La médiation permet de dépasser les clivages idéologiques et culturels par un modèle de rationalité qui devient l'espace du partage d'expériences vécues et le lieu de construction de l’imaginaire socio-discursif. Le modèle pragmatique d'entente intersubjective se distingue du concept de rationalité cognitive-instrumentale ou de celui de coopération sociale centrés sur la notion de « zurechnungsfähige Personen » (personnes responsables) et sur l'intentionnalité de la communication en vue d'établir une rationalité réflexive: « Seul peut être considéré comme responsable au sens d'une imputation de rationalité celui qui, en tant que partie prenante d'une communauté de communication, est capable d'orienter son action selon les prétentions à la validité intersubjectivement reconnues » (Habermas, 1987 : 31). La cohérence interne des discours et la prétention à la validité sont les présupposés fondamentaux d'une relation de sens entre la parole institutionnelle et l'expression de soi. C'est le cas, par exemple, des expressions évaluatives qui n'ont de caractère ni « privé » ni « normatif » et témoignent d'un usage « rationnel » du langage. Ces usages façonnent les processus d’institutionnalisation des textes et des formes en externalisant le sens (en le donnant à voir). Mais les expressions idiosyncrasiques du langage témoignent également des processus d’internalisation du sens :

Des acteurs se comportent rationnellement tant que la façon dont ils appliquent les prédicats tels que savoureux, attrayant, insolite, effrayant, etc. permet à ceux qui appartiennent à leur monde vécu de reconnaître dans ces descriptions leurs propres réactions à des situations semblables. Ils se comportent en revanche d'une façon idiosyncrasique s'ils appliquent les critères d'évaluation de manière si personnelle qu'ils ne peuvent plus s'attendre à une compréhension en vigueur dans la culture. Mais parmi les évaluations privées de ce genre, certaines peuvent avoir un caractère innovateur.

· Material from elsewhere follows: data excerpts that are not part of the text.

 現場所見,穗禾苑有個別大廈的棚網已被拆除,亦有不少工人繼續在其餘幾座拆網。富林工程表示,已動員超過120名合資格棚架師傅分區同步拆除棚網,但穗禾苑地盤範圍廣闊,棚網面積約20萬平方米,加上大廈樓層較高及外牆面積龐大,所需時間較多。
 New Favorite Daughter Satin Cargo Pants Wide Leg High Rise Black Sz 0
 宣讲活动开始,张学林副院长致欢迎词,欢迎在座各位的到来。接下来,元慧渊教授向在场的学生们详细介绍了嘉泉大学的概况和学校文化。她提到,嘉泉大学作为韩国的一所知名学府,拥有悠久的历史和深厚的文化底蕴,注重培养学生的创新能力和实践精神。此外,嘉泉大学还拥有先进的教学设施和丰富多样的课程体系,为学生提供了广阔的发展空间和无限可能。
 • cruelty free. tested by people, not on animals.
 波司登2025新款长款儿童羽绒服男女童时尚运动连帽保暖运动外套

En réalité, ces dernières se distinguent par l'authenticité de l'expression, par exemple, l'effet de sens produit par une œuvre d'art, i.e. sa forme esthétique. Les expressions idiosyncrasiques suivent en revanche des modèles rigides; leur contenu de signification n'a qu'un caractère privé, et l'on n'y accède pas par la force du discours poétique ou de la figuration créative […]. En invoquant l'odeur « fascinante », « insondable », « étourdissante » des pommes pourries, ou le vide « paralysant », « pesant », « aspirant » des places publiques, celui qui explique ainsi sa réaction libidinale ou phobique ne

sera guère compris dans les contextes quotidiens de la plupart des cultures. Car, pour ces réactions, en tant qu'elles sont des expériences aberrantes, la force justificative des traditions culturelles mobilisées ne suffit pas. Ces cas limites confirment seulement que les options et les sensibilités de souhait et de sentiments, qui peuvent être exprimées à travers les jugements de valeur, entretiennent également un rapport interne aux raisons et aux arguments (Habermas, 1987 : 32-33).

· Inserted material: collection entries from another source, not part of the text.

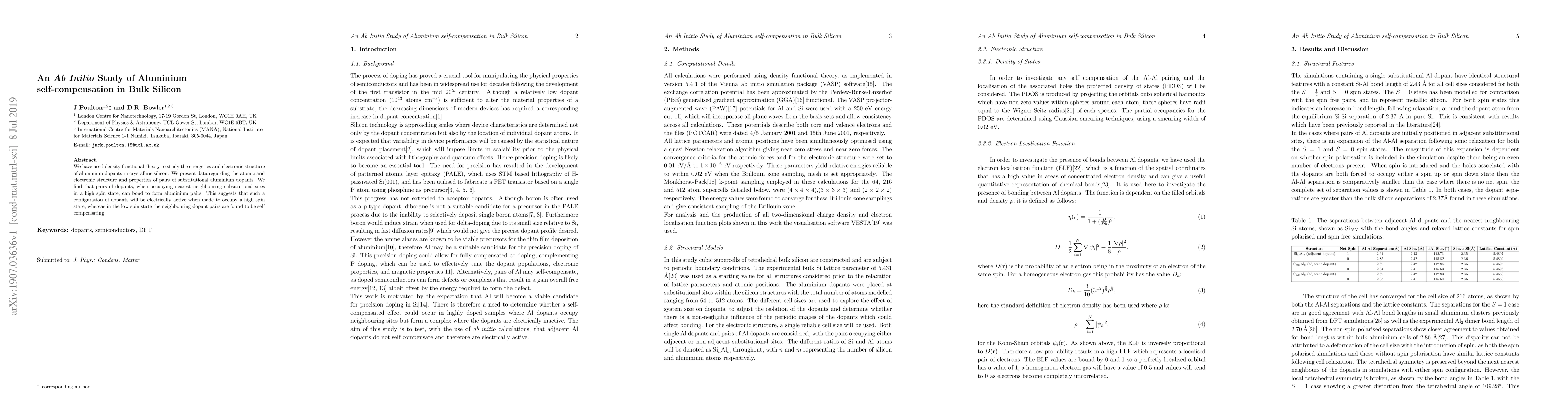 Researchers used density functional theory to study aluminium dopants in silicon, finding that pairs of dopants can form 'aluminium pairs' when in a high spin state, potentially leading to electrical activity.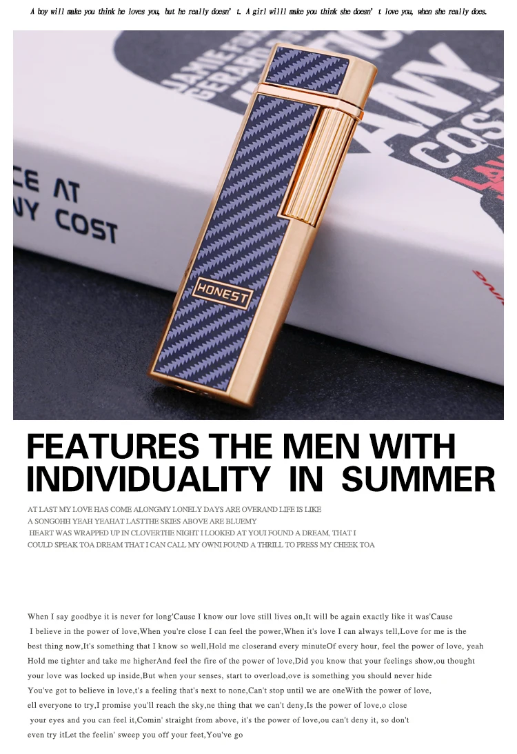 Новинка газовая надувная Зажигалка боковая кремневая Зажигалка открытый огонь личность ветрозащитная ультратонкая металлическая сигарета
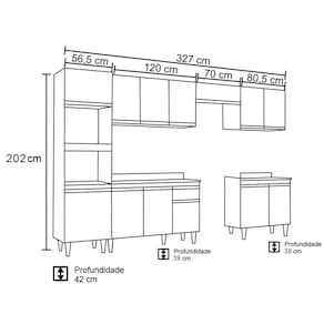Peso Suportado: Paneleiro: 60 Kg / Armário Aéreo 120 cm: 30 Kg / Armário Aéreo Geladeira: 20 Kg / Armário Aéreo 2 Portas: 20 Kg / Balcão 2 Portas: 30 Kg / Balcão 3 Portas 2 Gavetas: 30 Kg.

Ainsi, la communication doit tenter de concilier des termes irréconciliables : norme versus créativité, authenticité versus communicabilité… C'est la valeur partagée du présupposé qui détermine le sens du discours où la signification s'acquiert dans des pratiques intersubjectives et collectives. Si ce présupposé n'est pas partagé dans l'intersubjectivité, le discours sera donc considéré comme invalide du point de vue de la rationalité. La question de savoir comment un discours peut être communiqué à l’autre grâce à l’expression de formes idiosyncrasiques, répondant au critère d’authenticité plutôt qu’à celui de la raison, permet d’identifier les différents types de médiation engagés dans l'espace de la discussion à partir desquels définir une matrice alternative de construction du savoir.